Do you catch my drift?

Let’s take it one step at a time

What did you get for the derivative of the function?

I think smth might be wrong with that derivative

i simplified it?

i will redo

Again, don’t quote me on it, lol

yeah i keep getting the same derivative except i divided by 3

to simplify

Can you send your process?

Like a pic

OHH

I see what you did

$$f'(x)=3x^2+6(a-2)x+3(a^2-9)$$

So, the 3 doesn’t just disappear

Amer

nope

omfg

<@&268886789983436800>

why mrbeat appearing in my channel particularly

you have to factor out the 3

Because he wants to do stuff to you. Kim

But anyways…..

If you have 3x + 6

That doesn’t become x + 2

You still have a factor of 3 that you took out

<@&268886789983436800>

ooh..

So you have to multiply your whole expression by that factor

So, 3x + 6 would become 3(x + 2)

right

going back to og f'(x)

alright plugging 5 next

nice

so -13.8 < a < -12.062

Not so fast…..

I want you do draw a number line

And draw line segments for each interval

already did

like that, right?

And see what region of the number line both of the line segments occupy

how can i draw if i don't know 'a'

unless u mean the recent a values i found

You know the range of a

So, this might be a stupid question, but you know what a number line is, right?

yeah

did i cross them wrongly

I want you to draw a number line. And draw two lines.

One that does from

-12.062 to 4.062

And the same thing for the other one

-13.8 to 3.8

Send a pic once you’ve done that

0..

.0

0

oops srry, i was drawing with notebook on my keyboard

All good. Lmao

they are not aligned oops

there we go

now they are aligned

so -12.062 < a < 3.8

i am taking it 1 step at a time

this makes it kinda hard

i was wishing for a smaller interval

In pretty sure you did smth wrong when you did f’(5)

i simplified

i thought it was fine here

in inequalities and shi

Again, can I see your process for f'(5)

And I agree with you up until the very final line

The value you get for a that will make it = 0, is right

But now you have to test out values on either side

If you actually graph it, you can see where it's greater than 0

how did bro graph a function with a parameter and x

I didn't.
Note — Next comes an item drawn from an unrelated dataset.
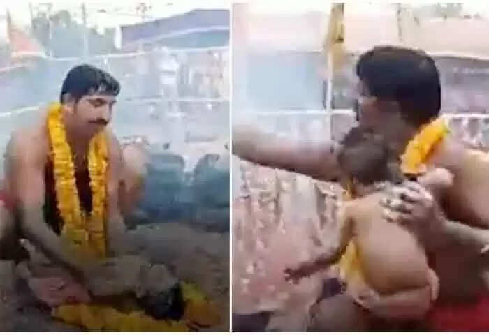 വൈറലായ വീഡിയോയില്, വാരണാസിയില് നിന്നുള്ള പൂജാരി ഒരു പാത്രത്തില് നിന്ന് ചൂട് പാല്നുര കുഞ്ഞിന്റെ മുഖത്തും നെഞ്ചിലും പുരട്ടുന്നത് കാണാം. കുഞ്ഞ് വേദന കൊണ്ട് കരയുന്നതും ആയിരക്കണക്കിന് ആളുകള് അവരെ നോക്കി പ്രാര്ഥിക്കുകയും ചെയ്യുന്നത് വീഡിയോയില് വ്യക്തമാണ്.

This is the graph of the parameter

a^2 + 10a - 54

oh

makes sense

so like, more values into f'(x)

And so, f'(5) actually becomes

a <−13.8 or a > 3.8

Yep.

Does this make sense?

so 3.8 < a <4.062 ?

YESSS!!!!!

no way

omg

And so....

What answer choice is it?

this does not fall under 3 < a < 4

so it's none ? option E

what if at maximum value it is 4 < a < 4.062

need more values into f'(x) right

i made AI rework my work and it said 4.062 < a < 4.142

!nogpt

Please do not trust ChatGPT or similar AI tools for mathematical tasks, as they often generate output which "sounds correct" but has numerous factual or logical errors. Use of these AI tools to answer other people's help questions is strictly against server rules (see #rules).

something does align

i think if i plug f'(4)

i shoulda have -12.062 > a > 4.062

which is enough by itself

since i should dismiss the negative interval because i am looking for a positive max, as the question states

this should leave me with 4.062 < a < 4.142

https://tenor.com/view/dono-wall-gif-24048347

if 'a' is a parameter, i am not sure how it's relevant between 'a' being positive and f(x) having a positive max

like if 'a' is positive and then somehow f'(x) is also positive, that means we are yet to come across the axis of the maximim

as x axis progress and get bigger, i have no idea how 'a' is also supposed to move

is it wise that if we want x > 0, we also take a>0

how are they even related

or are they

since my function has a^2 which means 'a' can be what the f it wants to be

i think i might be wrong

maybe instead i need to make a=4

and then plug into x

and then f(x)

which honestly i have no idea what i will achieve

,w d/dx x^3 + 3(a-7)x²+3(a²-9)x-1

you solved for x1 and x2 when they exist ig

as long as there is a positive delta you have two roots and the min one is where there is a local max

as others mentioned, it's not the (4, 5) interval

if you take a = 0

,w plot x^3-21x²-27x -1

see, you still have a local max for a = 0

more precisely, you have a local max as long as a < 29/7

you should show the original question

@livid skiff Has your question been resolved?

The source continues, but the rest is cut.